Authors:
Harsh Kumar、Mohi Reza、Jeb Mitchell、Ilya Musabirov、Lisa Zhang、Michael Liut
Paper:
https://arxiv.org/abs/2408.08401
Introduction
The integration of large language models (LLMs) in programming education is transforming how students approach writing SQL queries. Traditionally, students have relied on web searches for coding assistance, but the advent of LLMs like ChatGPT is changing this dynamic.

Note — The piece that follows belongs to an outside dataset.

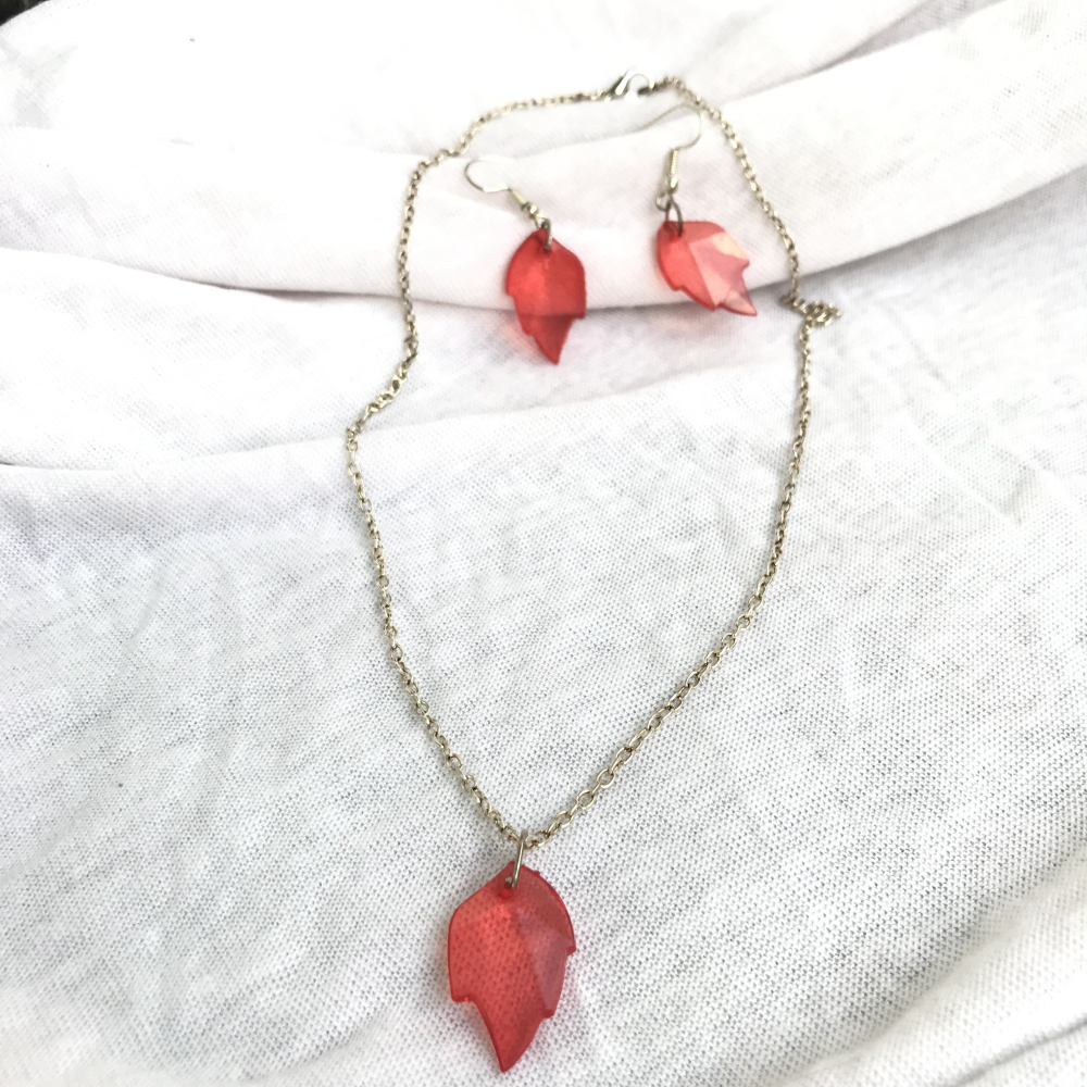 Aby sada byla kompletní, nelze opomenout visací náušnice, které jsou dokonalým doplňkem k řetízku. Tyto náušnice, rovněž inspirované listy, se při každém pohybu jemně chvějí a odleskují červené tóny, které přitahují zraky okolních. Jejich design je sofistikovaný, a přesto přirozený, což je činí ideálním doplňkem pro každou příležitost, ať už se chystáte na večerní procházku městem nebo na slavnostní večer.

This study aims to compare the help-seeking behavior of students using traditional web search versus LLMs, including a publicly available LLM (ChatGPT) and an instructor-tuned LLM, in the context of writing SQL queries.
Related Work
The rise of LLMs has prompted comparative research with traditional web search methods for information retrieval and problem-solving. Previous studies have shown mixed results regarding the effectiveness of LLMs versus web search for various tasks. While LLMs often provide more specific and understandable responses, their accuracy can be inconsistent, especially for complex tasks. In programming education, LLMs have the potential to enhance understanding but also pose risks of overreliance and reduced critical thinking.
Methods
Context of Deployment
The study was conducted in a 12-week introductory database systems course at a large, research-intensive university in North America. The course used a flipped classroom approach, encouraging students to seek external resources for self-regulated learning. The study involved 39 volunteer students who participated in randomized interview sessions over Zoom, where they were assigned to use either web search, standard ChatGPT, or an instructor-tuned LLM to solve SQL-writing problems.
Experimental Conditions
Three distinct sources of help were considered:
- Web Search: Students used any web search engine to find resources for writing SQL queries.
- ChatGPT: Students used the standard ChatGPT (3.5 model) without any additional tweaks.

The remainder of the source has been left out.